:: Dataset content ::
== Segment start ==

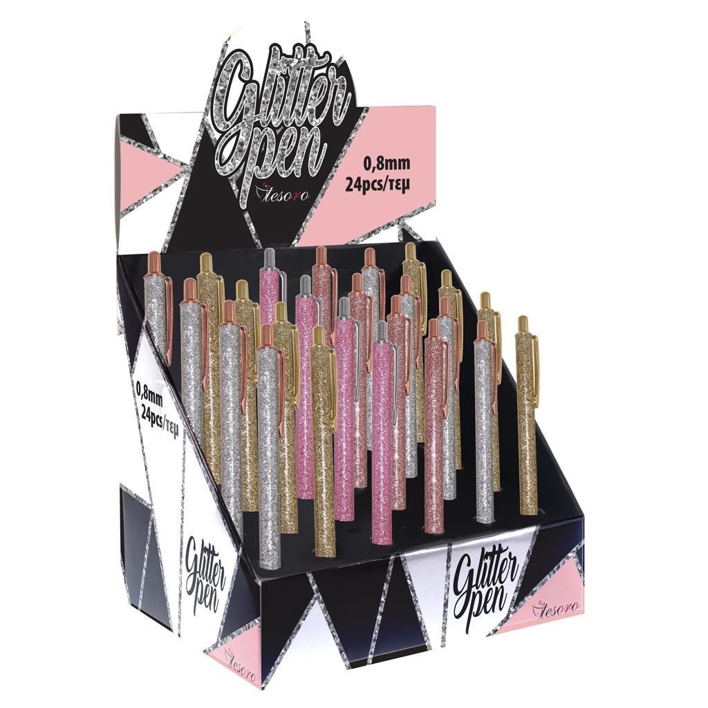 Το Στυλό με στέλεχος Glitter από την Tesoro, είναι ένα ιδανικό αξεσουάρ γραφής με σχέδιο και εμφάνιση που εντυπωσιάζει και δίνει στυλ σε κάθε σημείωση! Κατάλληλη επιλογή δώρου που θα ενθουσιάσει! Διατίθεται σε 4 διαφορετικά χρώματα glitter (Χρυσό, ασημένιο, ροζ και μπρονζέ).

== Segment end ==
== Segment start ==

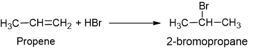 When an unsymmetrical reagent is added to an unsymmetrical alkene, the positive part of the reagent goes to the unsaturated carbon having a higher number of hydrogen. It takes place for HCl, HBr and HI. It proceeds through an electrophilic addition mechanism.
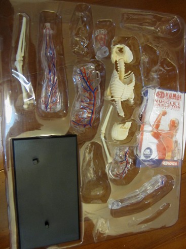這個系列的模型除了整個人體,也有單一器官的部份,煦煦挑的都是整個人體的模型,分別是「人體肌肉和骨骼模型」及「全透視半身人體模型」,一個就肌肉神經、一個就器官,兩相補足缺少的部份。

== Segment end ==
== Segment start ==

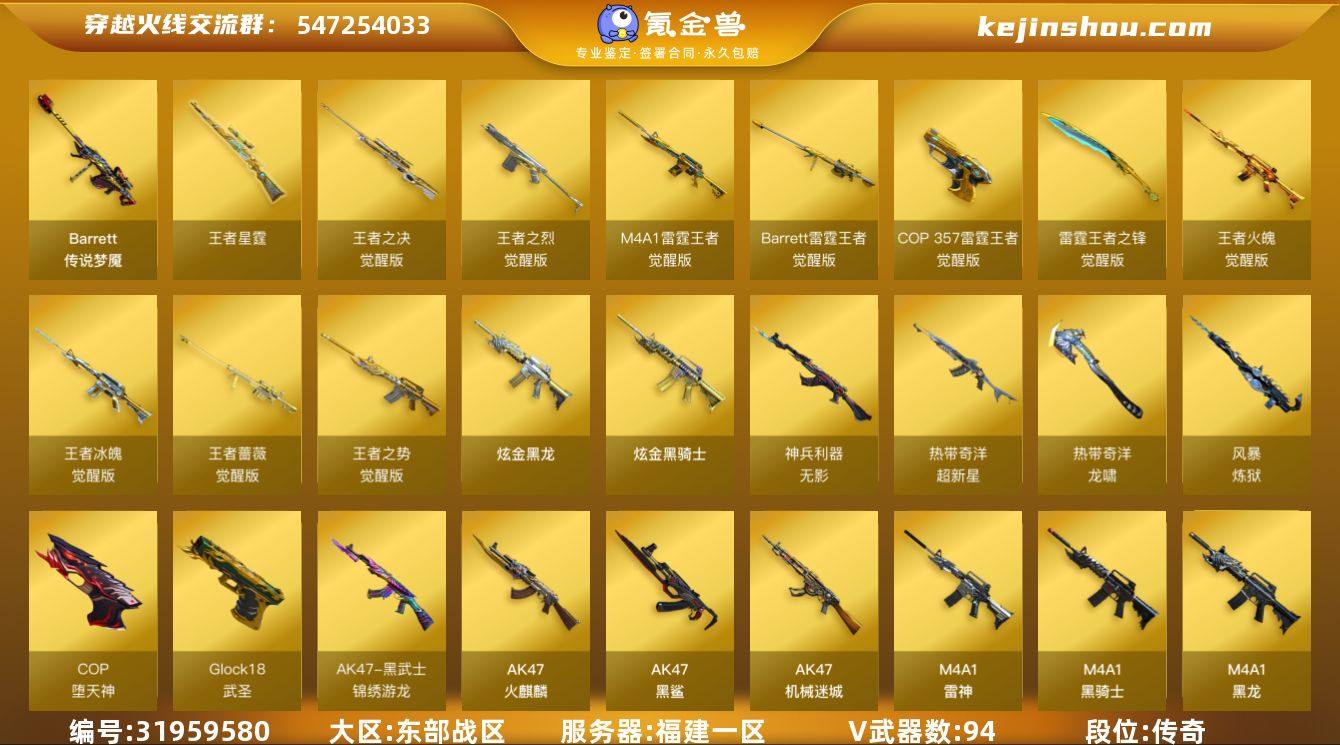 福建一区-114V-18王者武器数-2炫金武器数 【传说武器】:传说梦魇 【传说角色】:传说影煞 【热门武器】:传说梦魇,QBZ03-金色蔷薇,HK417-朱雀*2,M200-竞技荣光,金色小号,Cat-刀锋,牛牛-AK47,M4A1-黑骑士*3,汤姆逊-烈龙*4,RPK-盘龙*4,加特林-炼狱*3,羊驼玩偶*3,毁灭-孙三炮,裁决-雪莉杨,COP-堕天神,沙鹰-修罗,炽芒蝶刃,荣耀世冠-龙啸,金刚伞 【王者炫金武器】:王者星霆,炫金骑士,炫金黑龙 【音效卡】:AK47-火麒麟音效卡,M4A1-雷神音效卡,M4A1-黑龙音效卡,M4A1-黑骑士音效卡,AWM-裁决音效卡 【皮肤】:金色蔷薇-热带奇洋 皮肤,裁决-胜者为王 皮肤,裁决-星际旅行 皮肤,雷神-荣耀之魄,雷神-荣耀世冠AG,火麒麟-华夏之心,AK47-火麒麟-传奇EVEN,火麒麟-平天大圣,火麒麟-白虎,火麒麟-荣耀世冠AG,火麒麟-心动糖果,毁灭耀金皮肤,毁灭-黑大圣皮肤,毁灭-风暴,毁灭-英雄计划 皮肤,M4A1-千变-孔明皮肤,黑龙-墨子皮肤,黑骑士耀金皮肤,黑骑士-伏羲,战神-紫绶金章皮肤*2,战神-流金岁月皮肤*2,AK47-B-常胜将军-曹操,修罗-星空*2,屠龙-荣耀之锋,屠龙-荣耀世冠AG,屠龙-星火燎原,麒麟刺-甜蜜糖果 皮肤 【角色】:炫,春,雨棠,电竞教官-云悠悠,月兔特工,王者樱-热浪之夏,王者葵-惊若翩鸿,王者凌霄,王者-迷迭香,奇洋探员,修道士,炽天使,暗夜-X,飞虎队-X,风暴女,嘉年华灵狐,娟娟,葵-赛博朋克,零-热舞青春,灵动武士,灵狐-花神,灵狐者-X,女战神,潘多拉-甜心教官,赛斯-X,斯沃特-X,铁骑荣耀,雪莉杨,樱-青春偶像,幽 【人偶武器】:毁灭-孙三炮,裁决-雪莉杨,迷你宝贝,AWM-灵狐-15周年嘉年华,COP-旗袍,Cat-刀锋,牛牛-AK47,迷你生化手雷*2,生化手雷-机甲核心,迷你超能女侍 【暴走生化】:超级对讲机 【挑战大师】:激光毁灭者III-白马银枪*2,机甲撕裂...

== Segment end ==

:: Task description ::
Everything above from the line containing "When an unsymmetrical" down to the line containing "這個系列的模型除了整個人體,也有單一器官" is to be duplicated exactly, both lines included, and the pictures are to be omitted.

:: Output for this task ::
 When an unsymmetrical reagent is added to an unsymmetrical alkene, the positive part of the reagent goes to the unsaturated carbon having a higher number of hydrogen. It takes place for HCl, HBr and HI. It proceeds through an electrophilic addition mechanism.
這個系列的模型除了整個人體,也有單一器官的部份,煦煦挑的都是整個人體的模型,分別是「人體肌肉和骨骼模型」及「全透視半身人體模型」,一個就肌肉神經、一個就器官,兩相補足缺少的部份。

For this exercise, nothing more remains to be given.